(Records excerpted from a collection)
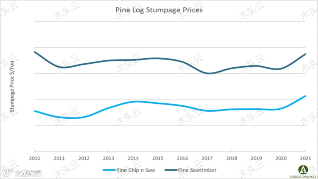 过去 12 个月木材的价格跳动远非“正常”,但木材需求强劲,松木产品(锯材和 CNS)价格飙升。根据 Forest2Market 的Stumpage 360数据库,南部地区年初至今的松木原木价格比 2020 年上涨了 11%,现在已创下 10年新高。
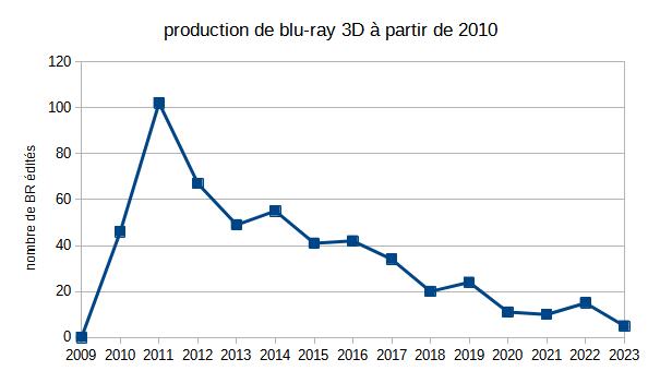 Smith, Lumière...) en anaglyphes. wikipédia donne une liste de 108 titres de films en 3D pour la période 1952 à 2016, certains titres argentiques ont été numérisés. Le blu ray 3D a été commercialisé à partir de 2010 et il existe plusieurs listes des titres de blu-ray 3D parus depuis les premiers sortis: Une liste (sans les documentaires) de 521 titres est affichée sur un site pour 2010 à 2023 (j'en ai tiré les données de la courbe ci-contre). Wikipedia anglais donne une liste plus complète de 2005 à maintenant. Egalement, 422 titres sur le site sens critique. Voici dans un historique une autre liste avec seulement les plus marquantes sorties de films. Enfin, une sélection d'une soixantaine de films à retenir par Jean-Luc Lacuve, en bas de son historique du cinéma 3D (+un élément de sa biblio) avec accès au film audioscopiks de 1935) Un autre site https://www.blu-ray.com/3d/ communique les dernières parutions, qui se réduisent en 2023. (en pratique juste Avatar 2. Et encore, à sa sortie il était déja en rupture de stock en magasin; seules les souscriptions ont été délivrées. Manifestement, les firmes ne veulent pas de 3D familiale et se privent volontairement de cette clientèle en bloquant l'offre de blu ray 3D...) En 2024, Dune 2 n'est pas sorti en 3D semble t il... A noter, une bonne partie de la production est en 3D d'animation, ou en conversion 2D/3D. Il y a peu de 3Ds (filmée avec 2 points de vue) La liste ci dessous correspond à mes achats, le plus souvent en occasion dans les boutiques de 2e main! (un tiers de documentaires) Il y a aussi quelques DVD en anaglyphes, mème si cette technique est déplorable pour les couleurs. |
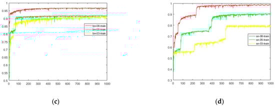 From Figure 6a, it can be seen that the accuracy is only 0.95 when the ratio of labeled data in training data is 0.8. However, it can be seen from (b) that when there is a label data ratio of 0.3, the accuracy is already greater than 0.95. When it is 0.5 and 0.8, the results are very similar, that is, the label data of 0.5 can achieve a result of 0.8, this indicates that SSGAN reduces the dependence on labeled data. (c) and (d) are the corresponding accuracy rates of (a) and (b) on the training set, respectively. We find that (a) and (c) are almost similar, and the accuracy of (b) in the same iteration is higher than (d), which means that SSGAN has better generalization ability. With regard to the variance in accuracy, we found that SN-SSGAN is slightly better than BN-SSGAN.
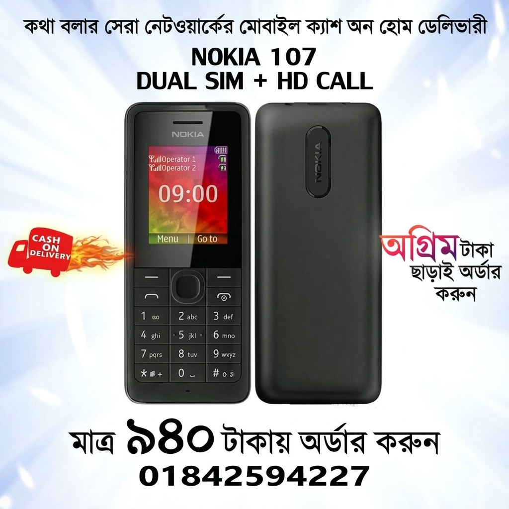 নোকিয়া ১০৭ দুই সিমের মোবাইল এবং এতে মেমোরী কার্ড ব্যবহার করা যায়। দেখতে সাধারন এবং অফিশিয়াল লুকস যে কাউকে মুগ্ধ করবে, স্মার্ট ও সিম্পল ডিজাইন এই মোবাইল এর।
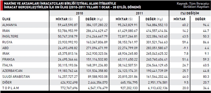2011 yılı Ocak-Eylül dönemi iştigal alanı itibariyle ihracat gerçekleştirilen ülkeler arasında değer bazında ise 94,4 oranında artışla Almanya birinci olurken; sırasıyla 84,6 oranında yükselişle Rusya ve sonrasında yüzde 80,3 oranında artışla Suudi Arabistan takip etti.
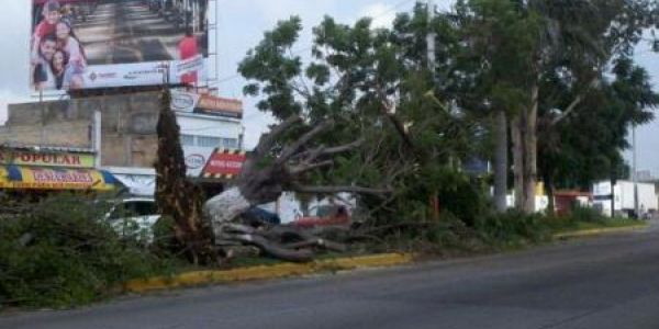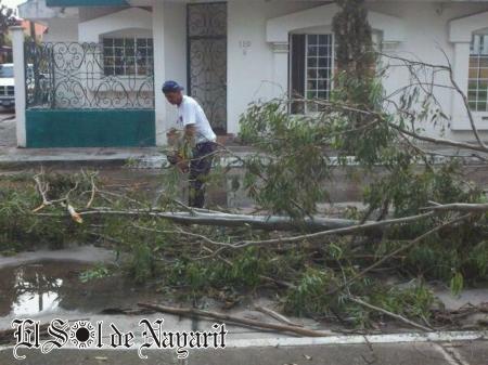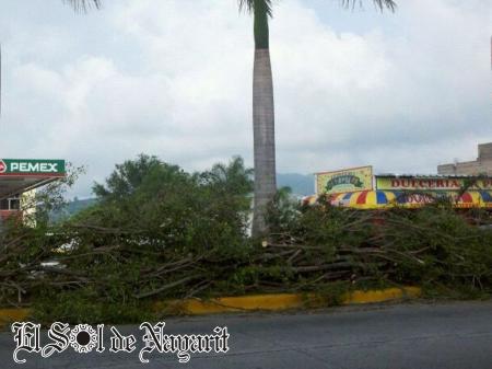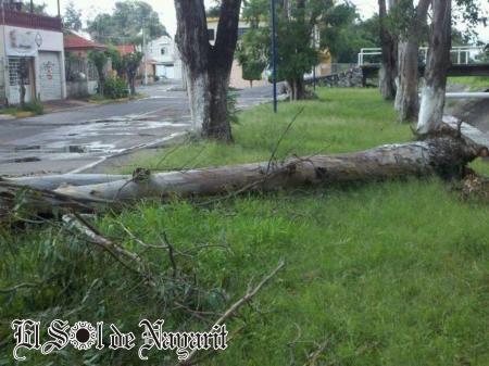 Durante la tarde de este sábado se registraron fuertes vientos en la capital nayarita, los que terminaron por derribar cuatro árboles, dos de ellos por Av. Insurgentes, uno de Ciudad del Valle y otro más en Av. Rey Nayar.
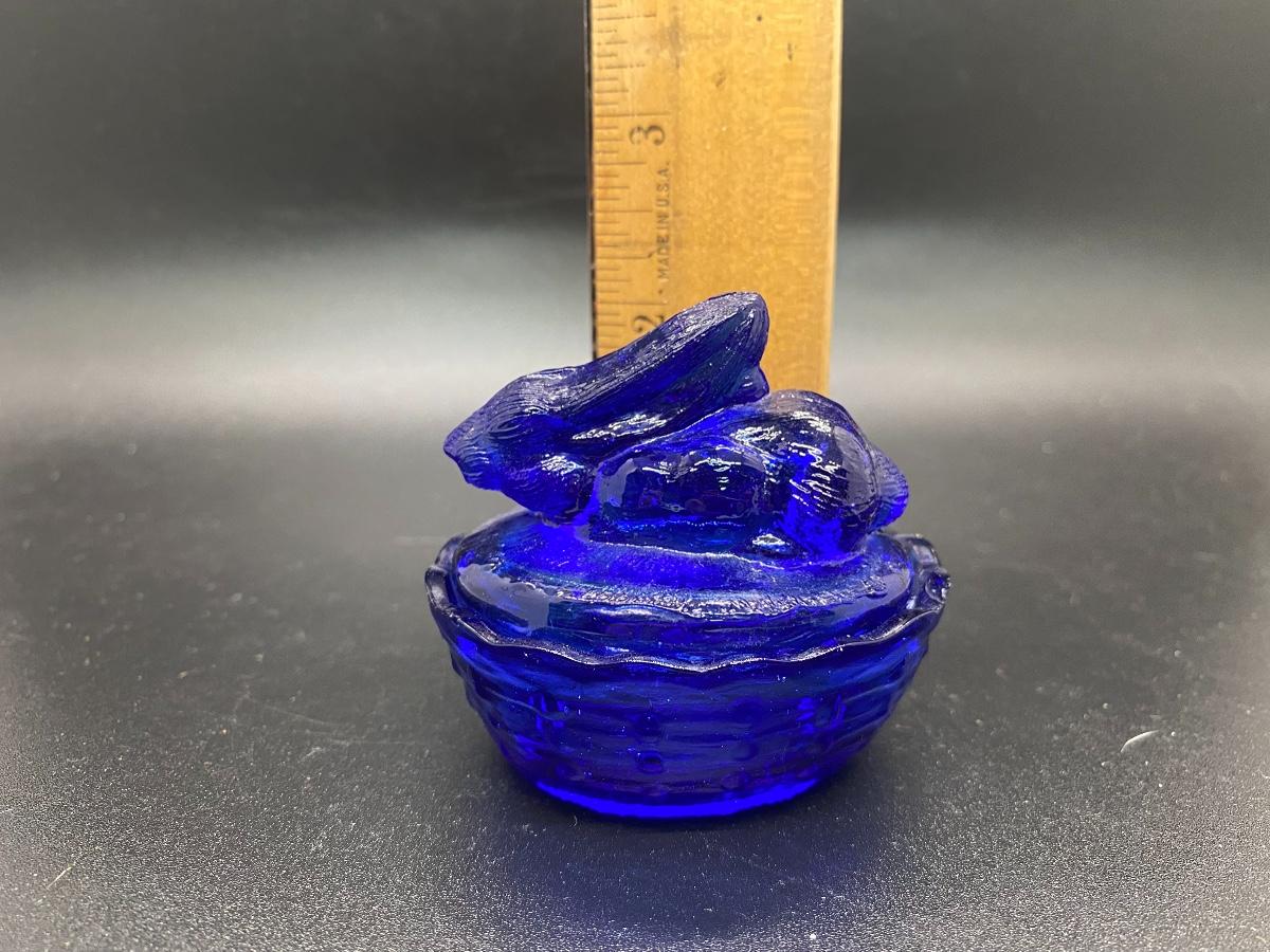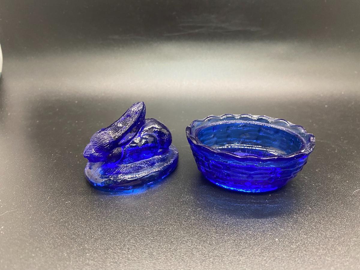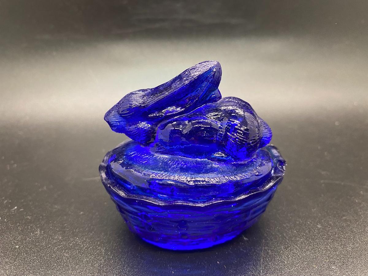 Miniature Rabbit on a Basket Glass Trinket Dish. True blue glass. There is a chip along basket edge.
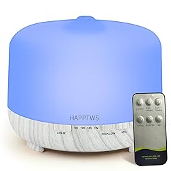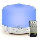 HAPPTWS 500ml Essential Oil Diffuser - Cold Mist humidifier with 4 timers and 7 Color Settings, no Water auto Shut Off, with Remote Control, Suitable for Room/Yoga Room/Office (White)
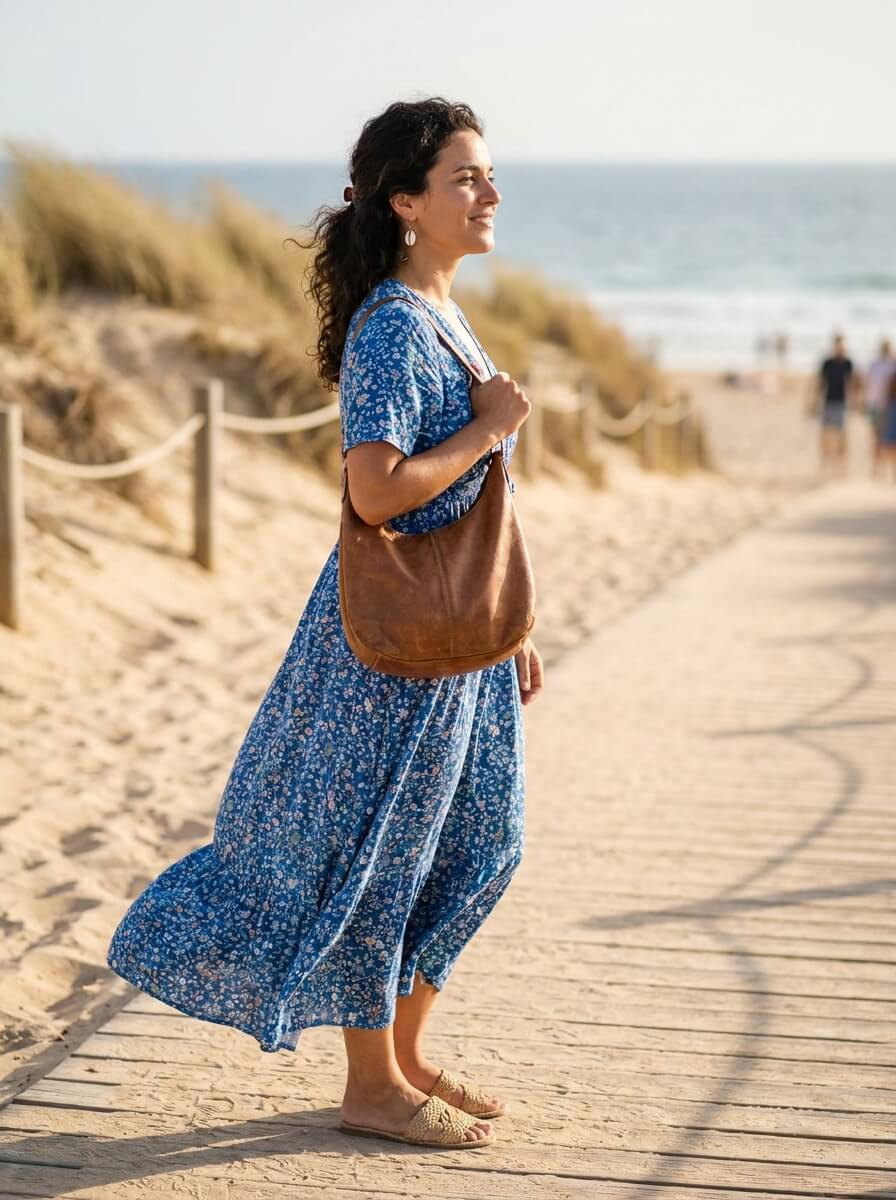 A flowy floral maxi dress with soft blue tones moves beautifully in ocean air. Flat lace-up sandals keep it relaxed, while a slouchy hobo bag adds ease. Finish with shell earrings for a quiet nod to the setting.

DIRECTIONS FOR THIS TASK:
What do the lines above say from the line containing "Miniature Rabbit on" through the last line? Quote them exactly, both ends included, and leave out the pictures.

WRITTEN ANSWER:
 Miniature Rabbit on a Basket Glass Trinket Dish. True blue glass. There is a chip along basket edge.
 HAPPTWS 500ml Essential Oil Diffuser - Cold Mist humidifier with 4 timers and 7 Color Settings, no Water auto Shut Off, with Remote Control, Suitable for Room/Yoga Room/Office (White)
 A flowy floral maxi dress with soft blue tones moves beautifully in ocean air. Flat lace-up sandals keep it relaxed, while a slouchy hobo bag adds ease. Finish with shell earrings for a quiet nod to the setting.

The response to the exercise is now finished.